WGCNA is a systemic method that uses gene expression data to build a scale-free network [18]. A weighted co-expression network with the expression profile data of the DEGs was built using the WGCNA package of R. Following this, we screened the key module related to BC bone metastasis and prognosis, and then extracted the genes for further analysis.

2.4. Nomogram Model Construction and Model Effectiveness Evaluation

In the training cohort, using the “survival” package in R, univariate Cox regression analysis was performed to obtain the potential prognostic genes related to OS or PFS. Only genes that had a significant impact on OS or PFS were considered to pass univariate Cox regression analysis screening. In addition, the prognostic value of the significant genes obtained in the univariate Cox regression analysis was evaluated by the Kaplan–Meier plotter analysis. Only genes with statistical significance in OS or PFS analyses were considered to pass the screening. The intersected genes generated in univariate Cox regression and Kaplan–Meier plotter analyses were then entered into the construction of GESBN models in terms of OS and PFS using the “rms” package in R. The calibration curves were drawn to measure the performance of the models. The genes which had the greatest contribution were selected as hub genes. Besides, a decision curve analysis (DCA) was performed to assess the clinical net benefit of different models. Further, the hub genes combined with clinicopathological factors were included in the construction of a nomogram for predicting the occurrence of bone metastasis in BC.

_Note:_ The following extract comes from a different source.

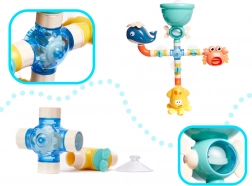 De kleurrijke waterbaan met zeediertjes maakt van elk badmoment een ontdekkingsreis. Giet water in de trechter bovenaan en de stroom activeert de verbonden buisjes, laat de wieltjes draaien en zet de figuurtjes in beweging – plezier dat de aandacht van kinderen vasthoudt en het dagelijkse baden leuker maakt.

After that, the patients were divided into high-risk or low-risk groups using the optimal cut-off value of risk score, which was calculated by the “MaxStat” package in R. The Kaplan–Meier plotter analyses were adopted to assess the survival difference between the two groups using “survfit” function of “survival” package in R. Moreover, the Cox and ROC analyses were conducted to further evaluate the prognostic value of the GESBN models in training cohort. Subsequently, we verified the prognostic significance of the GESBN models in the validation cohorts. The same method was conducted to compute risk scores like that in the training cohort. The Kaplan–Meier, Cox and ROC analyses were implemented as described earlier. P < 0.05 was considered as significantly different. The area under curve (AUC) was used as an indicator of prognostic accuracy.

2.5. The Expression Levels of Prognostic Genes in Nomogram Models

The expression levels of key genes between BC nonbone metastasis and BC bone metastasis groups in GSE124647 were first explored using t test. Then, GSE14020 as a validation dataset was used to assess the differential expression of the key genes in two groups.

2.6. Validation of the Expression and Prognostic Value of the Hub Genes

The protein levels of the hub genes in BC and normal tissues were evaluated using the immunohistochemistry according to the manufacturer's instructions. The Kaplan–Meier plotter (http://kmplot.com/analysis/index.php?p=background) is capable to assess the effect of 54,000 genes on survival in 21 cancer types. We used this database to verify the prognostic significance of the hub genes in BC. Survival curves were generated by the Kaplan–Meier method using the log-rank test. A log-rank P value less than 0.05 was statistically significant.

3. Results

Figure 1 shows the flowchart of this study.

Figure 1.

Figure 1

Flowchart showing the analysis process.

3.1. Identification and Functional Enrichment of DEGs

Taking BC nonbone metastasis samples as a control group, 1858 DEGs in the training set including 992 upregulated and 866 downregulated genes were generated according to the selection criteria. The volcano plot and heat map of the DEGs are presented in Figures 2(a), and 2(b), respectively.

Figure 2.

Figure 2

Differentially expressed genes between breast cancer nonbone metastasis and bone metastasis patients from the GSE124647 dataset. (a) Volcano plot of the 992 upregulated (red triangle) genes and 866 downregulated (green triangle) genes. (b) Heat map of the top 50 significant differentially expressed genes.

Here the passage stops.